С воеводой Осифом Андреевичем Силуян знался давно. Впервые свела их ратная доля на реке Угре против хана Ахмата, довелось в тот раз биться плечом к плечу на перелазе у Опакова. Потом вместе Хлынов брали, сидели в осаде под Выборгом. Случалось, прикрывал воевода щитом ратника, случалось - наоборот. На хмельных пирах за одним столом не пили, но при встрече руку воевода протягивал первым, не местничал.

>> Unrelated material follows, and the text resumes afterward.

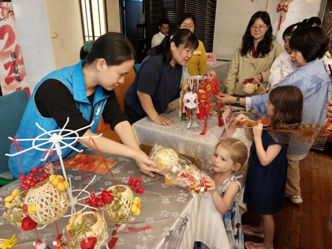 新春手工艺品展示区琳琅满目。这里陈列着精美的灯笼、中国结、生肖小马挂饰等手工艺品。部分作品进行义卖,所得款项注入白云街社区慈善基金。外国友人在选购心仪手工艺品作为文化纪念的同时,也完成了一次跨国界的爱心接力。
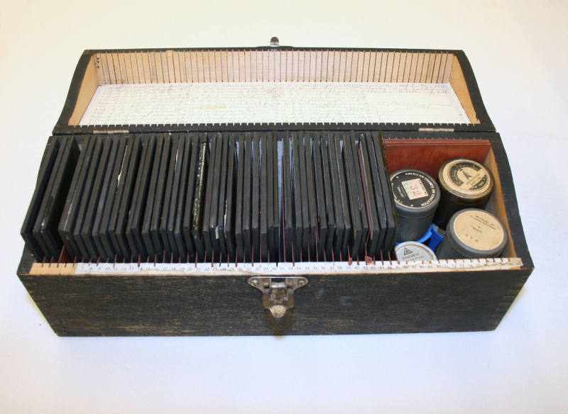 DescriptionDark brown wooden box with 44 Magic lantern glass slides from Little Rock public schools between 1910 and 1920. Also seven small canisters of film (possibly educational films). There is an incorrect index for the slides inside the top of the box (the index does not reflect what the slides really are). There is a metal latch on the front of the box.These slides appear to be part of a series of slides depicting life in Little Rock public schools between 1910 and 1920.

Силуян поднялся. Никогда прежде Осиф Андреевич не звал его вот так, до бою, и уж если позвал, стало быть, нужда прижала.

- Ну, надо раз...

Шатёр воеводы находился у ближних становых ворот. У входа на карауле стояли люди из тверской посошной рати; стояли расслабленно, облокотившись на копья, о чём-то говорили. Завидев стольника, выпрямились.

- Не у себя на дворе, - нахмурился стольник на посошных, и, откинув полог шатра, сказал в глубину. - Привёл, воевода. Впускать что ли? - повернулся к Силуяну, кивнул: заходи.

Внутри шатра всё было чинно, по-простому: у дальней стены стояла крытая седой овчиной скамья, посерёдке стол, а правее, под образами, обитый медными полосами сундук, наверное, с одёжей и полковой казной. И боле ничего. Пленный лях как-то сказывал, что их паны на войну и посуду золотую везут, и вино угорское, и всякой иной утвари без меры. Не могут без привычных удобств. Осиф Андреевич обходился малым.

Вместе с воеводой в шатре находился князь Щеня. Видно, дело и впрямь срочное, раз большой воевода тоже тут. Оба стояли у стола, опершись на него ладонями и чуть склонившись. Ни один не посмотрел на десятника, Осиф Андреевич лишь поманил пальцем, мол, подходи ближе. Силуян подошёл.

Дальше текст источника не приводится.